= December 1870 West Sydney colonial by-election =

By-election in New South Wales, Australia

A by-election was held for the New South Wales Legislative Assembly electorate of West Sydney on 30 December 1870 because John Robertson was appointed Colonial Secretary and William Windeyer was appointed Solicitor General in the third Martin ministry.

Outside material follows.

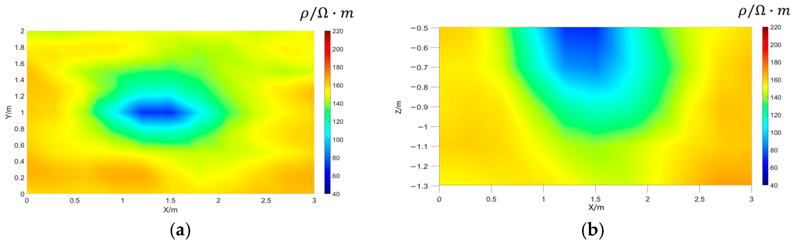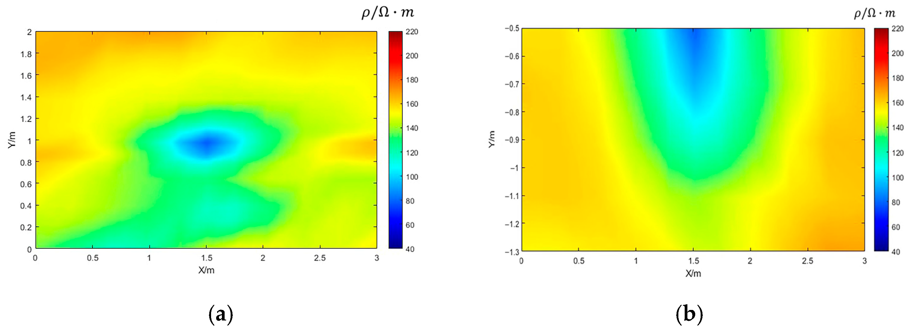 - The maximum deviation between the inferred leakage location and the actual location is 10.1 cm, and the minimum is 6.4 cm, which meets the engineering requirements. The resistivity inversion area can effectively identify both simple point-source leakage points and line-source leakage points;
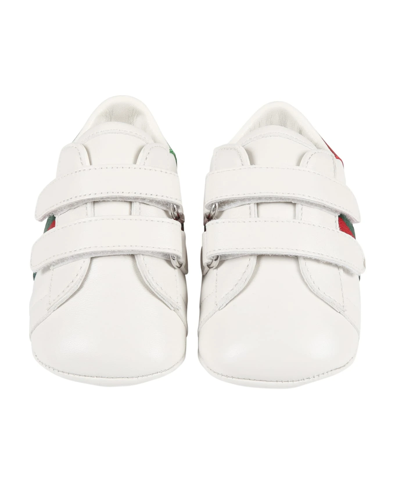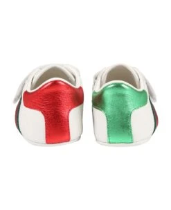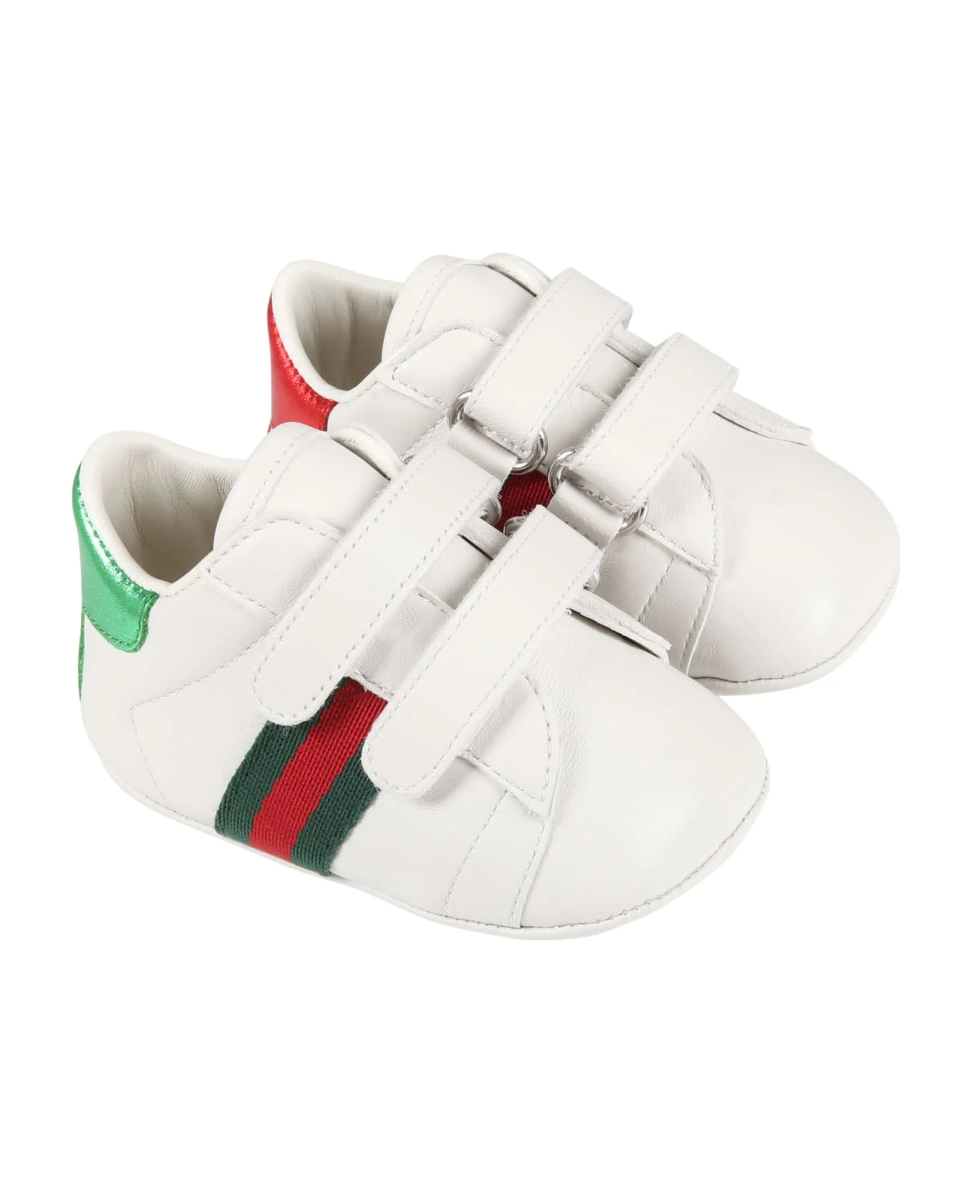 White crib sneakers, made from leather, with rubber sole and strap with adjustable Velcro closure. They are embellished with red and green Web detail on the sides and back stub with logo on green leather on one shoe and a red leather stub on the other.

Such ministerial by-elections were usually uncontested and the other ministers were all re-elected unopposed.

==Dates==

| Date | Event |
|---|---|
| 16 December 1870 | Third Martin ministry appointed. |
| 17 December 1870 | Writ of election issued by the Speaker of the Legislative Assembly. |
| 28 December 1870 | Nominations |
| 30 December 1870 | Polling day |
| 24 January 1871 | Return of writ |

==Result==

1870 West Sydney by-election Friday, 30 December
| Candidate |  | Votes | % |
|---|---|---|---|
| John Robertson (re-elected 1) |  | 2,536 | 38.7 |
| William Windeyer (re-elected 2) |  | 2,393 | 36.6 |
| Joseph O'Connor |  | 1,617 | 24.7 |
| Total formal votes |  | 6,546 | 100.0 |
| Informal votes |  | 0 | 0.0 |
| Turnout |  | 3,214 | 34.8 |

John Robertson was appointed Colonial Secretary and William Windeyer was appointed Solicitor General in the third Martin ministry.